- _Problem requirements_: In the data below, find the line with "Silhouette of a" and output it along with every later line, exactly, but not the pictures.

- _Data block_:
**********

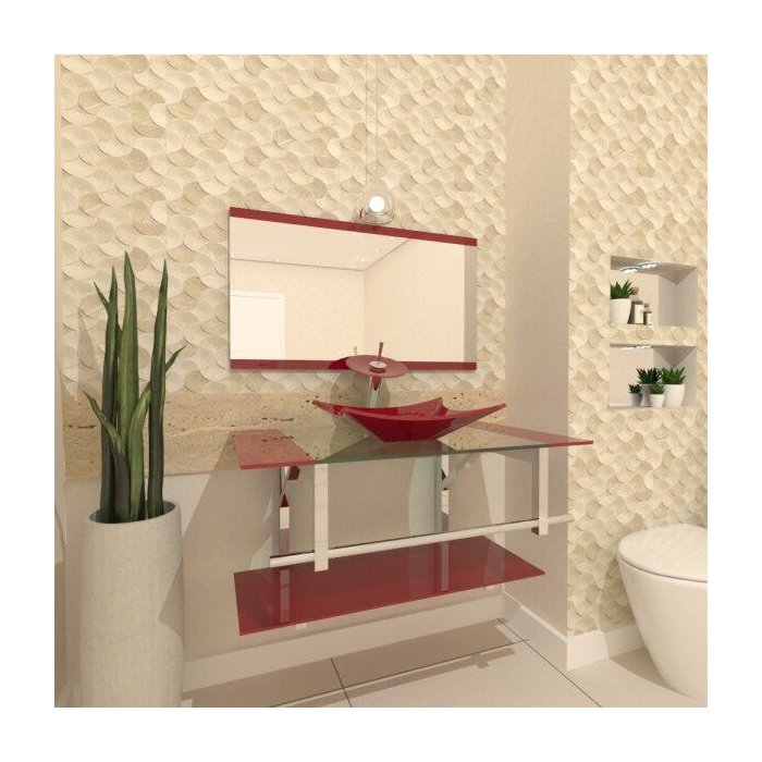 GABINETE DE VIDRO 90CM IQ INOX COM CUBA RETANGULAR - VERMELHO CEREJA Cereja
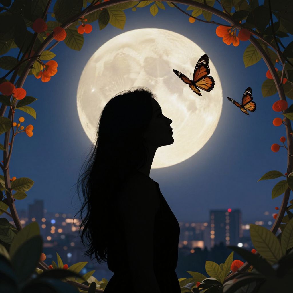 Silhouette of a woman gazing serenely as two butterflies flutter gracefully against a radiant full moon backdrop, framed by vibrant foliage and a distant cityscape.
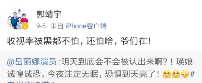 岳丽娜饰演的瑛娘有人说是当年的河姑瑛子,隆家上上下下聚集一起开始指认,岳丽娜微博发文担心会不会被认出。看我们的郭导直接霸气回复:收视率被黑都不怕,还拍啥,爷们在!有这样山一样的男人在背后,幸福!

**********

- _Exercise solution_:
 Silhouette of a woman gazing serenely as two butterflies flutter gracefully against a radiant full moon backdrop, framed by vibrant foliage and a distant cityscape.
 岳丽娜饰演的瑛娘有人说是当年的河姑瑛子,隆家上上下下聚集一起开始指认,岳丽娜微博发文担心会不会被认出。看我们的郭导直接霸气回复:收视率被黑都不怕,还拍啥,爷们在!有这样山一样的男人在背后,幸福!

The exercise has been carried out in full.